Читаем Сахалин полностью

 - Покров Пресвятой Богородицы, помилуй нас! Успенье Божией Матери, помяни и заступи грехи наши! Казанская Матерь Божия, помилуй нас! Помяни, Господи, рабов Божьих (таких-то) за упокой! Помяни, Господи, рабов Божьих (таких-то), невем аще за упокой, аще во здравие! Помяни мя, Господи, егда приидеши во царствие Твое.

 Положил долгий-долгий земной поклон. Затем поднялся, сказал:

 - Аминь.

 Перекрестился еще несколько раз и пошел.

 - Здравствуй, дед!

 - Здравствуй, ваше высокоблагородие.

 Бушаров уж ждал меня с горячим медным чайником, который он всегда в экскурсиях возил с собой, вместе с провизией и с завтраком: раскрытой баночкой... страсбургского паштета и коробкой сардин. В лавках колонизационного фонда, созданного для удовлетворения потребностей каторжан, поселенцев и мелких чиновников, ничего, кроме страсбургского паштета и сардинок, достать нельзя. Так это все разумно устроено.

 И мы уселись около сторожки, есть в тайге паштет из гусиных печенок с трюфелями и сардины в деликатесном масле!
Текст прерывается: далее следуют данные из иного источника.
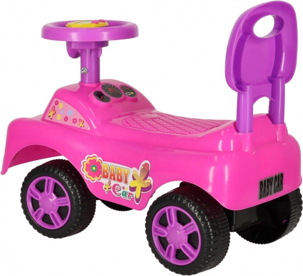 Vier robuste Räder und eine hintere Rückenlehne bieten Stabilität, Sicherheit und Komfort beim Fahren und Abstoßen.

 - Дед, выпей с нами чайку!

 Старик постоял, постоял:

 - Спасибо за ласку. Побалуюсь!

 И как я их ни уговаривал сесть вместе со мной, не соглашались. Я сидел на крылечке, старик и Бушаров - поодаль. Иначе:

 - Не порядок!

 А порядок старик, видимо, любил. Выпив чашку, он выплескивал остатки в траву, переворачивал чашку кверху донышком, клал на донышко огрызок сахару и говорил:

 - Благодарствую на угощении!

 - Да ты бы, дед, еще выпил!

 - Нет уже, благодарствую.

 И только по третьему разу говорил:

 - Ну, уж ежели такая ваша милость, налейте! Грех, а побалуюсь.

 Сардины у деда вызвали улыбку.

 - Безголовая рыбешка-то!

 А паштета он попросил еще:

 - Да-ко-сь замазки-то!

 Чай он пил с жадностью:

 - Давно не баловался. Почитай, полгода, как чайкю не пил!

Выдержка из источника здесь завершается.